Data provided Block Start
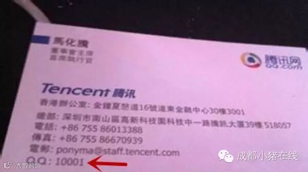 改名QQ之后,马化腾的名片上直接写上了自己的QQ号,看见没~10001,够霸气吧!
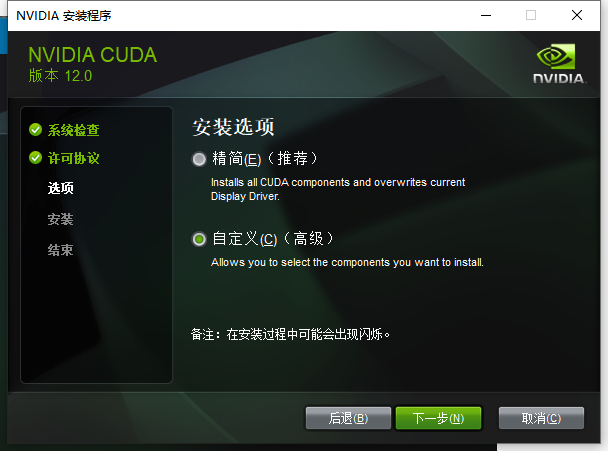 选择自定义安装,精简版本是下载好所有组件,并且会覆盖原有驱动,所以在这里推荐自定义下载。
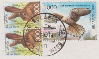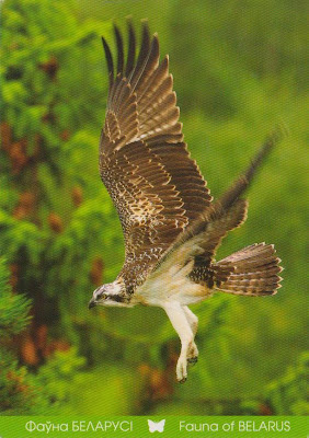 Osprey or Pandion Haliaetus is also known as sea hawk or fish eagle, and accordingly it is nesting near bodies of water that provide adequate food supplies. It is wide-spread, but still not in my country..! The stamp looks like its matching the image but is actually of a kestrel - still very beautiful, and its a joy to get a different stamp from Belarus (as opposed to cute but omnipresent definitives)! Thanks for that Lady Che :)
Data provided Block End
### [Exercise aim]
Give back the material above exactly, but without its images.

### [Task solution]
 改名QQ之后,马化腾的名片上直接写上了自己的QQ号,看见没~10001,够霸气吧!
 选择自定义安装,精简版本是下载好所有组件,并且会覆盖原有驱动,所以在这里推荐自定义下载。
 Osprey or Pandion Haliaetus is also known as sea hawk or fish eagle, and accordingly it is nesting near bodies of water that provide adequate food supplies. It is wide-spread, but still not in my country..! The stamp looks like its matching the image but is actually of a kestrel - still very beautiful, and its a joy to get a different stamp from Belarus (as opposed to cute but omnipresent definitives)! Thanks for that Lady Che :)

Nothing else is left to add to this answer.